Command and Control Infrastructure
The Go-based C2 server of TuxBot utilizes three distinct TCP ports for incoming connections. TCP port 1999 (or 31337) serves for dispatching commands to connected bots over an encrypted channel. TCP port 2222 provides operators with an interactive shell connection via SSH, offering direct remote access. A third port, TCP port 9999, is configured with a JSON interface, enabling programmatic access and automation for managing the botnet.
Upon activation, the TuxBot botnet initiates a predefined sequence of actions. It begins by loading the C2 address from a multi-tiered architecture featuring a primary communication channel and five alternative mechanisms. Subsequently, it establishes anti-debugging and anti-virtual machine protections to evade analysis tools. The bot then proceeds to disguise its process name, installs itself for persistence on the compromised device, and activates various sub-modules. These modules are designed to launch DDoS attacks, terminate rival processes, establish redundant C2 channels through IRC, HTTP, DNS, and P2P networks, scan for vulnerable services like Telnet, SSH, HTTP, and Android Debug Bridge (ADB), create a SOCKS5 proxy, and deploy a placeholder for cryptocurrency mining.

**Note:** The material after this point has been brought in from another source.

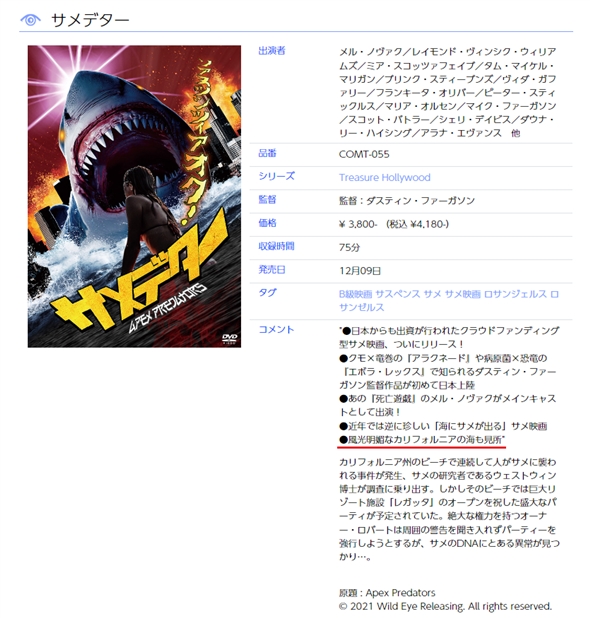 サメ映画ルーキー キャッチコピーではないですが「サメデター」ですね。「感染恐竜」と同じ監督です。この映画ほとんどサメが出ないうえに人々が無言で歩いてるシーンがほとんどなのですが、さらに露骨な尺稼ぎとして、夕日が沈むところを延々と長回しで流すだけのシーンがあります。しかも2回。というわけで、「風光明媚なカリフォルニアの海も見所」と書いておきました。

The HTTP scanner component is particularly noteworthy, capable of managing up to 128 concurrent connections to discover vulnerable web interfaces. Persistence on infected machines is achieved through multiple methods, including systemd services, cron job entries, and a watchdog keepalive process, ensuring the botnet remains operational and resilient to system reboots.
LLM Influence and Potential
Palo Alto Networks Unit 42 researchers uncovered direct evidence of LLM involvement, stating, “Multiple files contain raw LLM chain-of-thought reasoning left verbatim in comments.” These comments reveal the AI’s internal decision-making processes and thought patterns as it assisted the developer with porting tasks, including instances of self-interruption and direct references to “the user” who prompted the LLM. This provides a rare, unfiltered look into the code generation process.
Although TuxBot v3 Evolution is still in its developmental stages, its foundational working components, combined with the reported AI assistance, suggest a potential for accelerated feature integration. This AI influence could enable a single developer to construct a comprehensive toolset that includes multiple C2 channels, a custom exploit virtual machine, and a sophisticated Go-based DDoS-for-hire panel.
Furthermore, Unit 42 concluded that shared infrastructure with Kaitori v3.9 and AISURU tooling places the TuxBot operator within the Keksec ecosystem. This group is known for concurrently operating multiple IoT botnet variants, with TuxBot appearing to be another addition to their portfolio. It distinguishes itself from typical Mirai forks by incorporating encrypted C2, DGA capabilities, and a modular exploit system, even though the latter was not fully functional in the recovered version.
The emergence of TuxBot v3 Evolution follows recent reports of other botnets like RustDuck and AryStinger, which have targeted routers, IP cameras, Android boxes, and unsecured servers. These botnets aim to co-opt compromised devices into large networks for disruptive online service takedowns and reconnaissance activities. The ongoing development and potential for more polished, AI-assisted malware like TuxBot signal a concerning trend in the evolution of IoT threats, underscoring the constant need for enhanced IoT security measures and vigilance against emerging attack vectors.